Fandom: Harry Potter
Ship: H/H, La pareja del Fénix
Palabras: 1810
Resumen: Hermione y Harry están envueltos en un coqueteo fuerte que quizás deba terminar por la propuesta que la confederación rusa le hace a Hermione…


La puerta del departamento de Hermione fue cerrada lenta pero firmemente por la castaña, quien inmediatamente después recargo la espalda sobre la puerta y soltó un gran suspiro. Aquel día había sido muy duro, tenía demasiado trabajo en el ministerio y todo por algo que le parecía absurdo. ¿Cómo algo tan políticamente manejado, hecho al gusto del gobierno mágico y no del pueblo mágico podía armar tal caos en el ministerio? El cambio de ministro había vuelto prácticamente locos a todos los magos, como si no supieran de antemano que candidato fuera a ganar, pues en opinión de Hermione este proceso era mucho más manipulable que las elecciones presidenciales muggles. Y eso si que era ya decir demasiado para alguien como ella.

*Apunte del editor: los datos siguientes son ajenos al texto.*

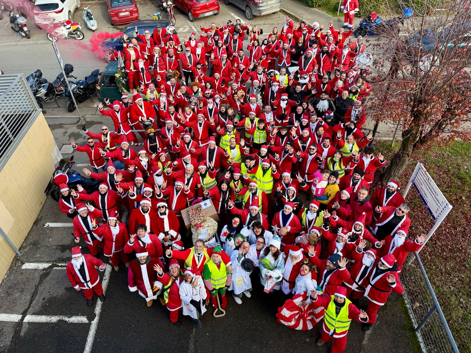 Il rombo festoso di oltre centocinquanta motociclette, tutte vestite di rosso, ha annunciato ai bambini della Pediatria del San Donato di Arezzo che il Natale, ancora una volta, ha deciso di arrivare prima. E di farlo nel modo più rumoroso, allegro e inaspettato possibile. Anche quest’anno l’ospedale si è trasformato in un luogo di festa grazie alla parata dei motociclisti travestiti da Babbo Natale, che dopo il giro in città, hanno fatto il loro ingresso percorrendo l’anello interno della struttura, salutati dagli sguardi curiosi dei piccoli pazienti, dall’emozione dei familiari e dai sorrisi del personale sanitario. Un’invasione gentile e colorata, capace di rompere per qualche ora la routine del ricovero e di portare leggerezza dove spesso pesano attese e preoccupazioni.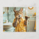 Cartão Postal De Festividades Gato escovando os dentes no banheiro de pijama lis

Pero el problema no había sido el ministerio, hasta cierto punto ya se había acostumbrado al revuelo que se armaba en el lugar, pero había una persona a la que conocía desde los once años a la cual jamás se había acostumbrado y menos con las actitudes que había adoptado con ella de unos meses a la fecha. Y ese mago era el tan aclamado Harry James Potter.

Al principio, Hermione había creído que todo era su imaginación – su perturbada imaginación – pero tras algunas semanas con Harry de cacería empezó a darse cuenta que eso estaba yendo bastante lejos, los roces, las caricias, las miradas profundas, las invitaciones a salir y todo lo que acompañaba a Harry desde que se trataba de Hermione la estaba poniendo cada vez más nerviosa y emocionada. Ella había guardado en un baúl bajo siete llaves sus sentimientos hacia Harry y creyó que se quedarían ahí hasta su muerte, que solo eventualmente cuando mirara al pasado recordaría aquello, pero se equivoco… Harry ya estaba desarmándola y ya solo quedaban tres de las siete llaves, es decir, que ya iba ganando por un poco más de la mitad.

Hermione moría por que Harry terminara con todo aquello y ya se hicieran pareja, porque ese el plan… ¿no? Es decir, llevaba meses tratando de conquistarla, llevándola a restaurantes muggles caros y muy finos y regalándole comentarios y miradas muy sugestivas, ¿qué más podría querer? No podía simplemente estar jugando con ella, no. Hermione se negaba a creer eso, más que nada porque como auror calificada que era había usado sus conocimientos en Harry y se había dado cuenta de que el no estaba cortejando a nadie más, que después de que la llevaba a casa el siempre iba directo a la suya, no miraba a nadie más como a ella, no actuaba con nadie como con ella… o eso quería pensar ella.

En esto se constituía toda su controversia diaria, primero el pensamiento intenso de"Si, Harry por fin se fija en mi" y luego el fatal y doloroso "¿estará jugando conmigo?". Hermione se quitó los tacones que debía llevar por ser parte del uniforme formal del ministerio y se derrumbó en su cama, obligándose a no pensar en nada. En absolutamente nada más que Harry, quien era quien ganaba siempre en su mente y en su comportamiento.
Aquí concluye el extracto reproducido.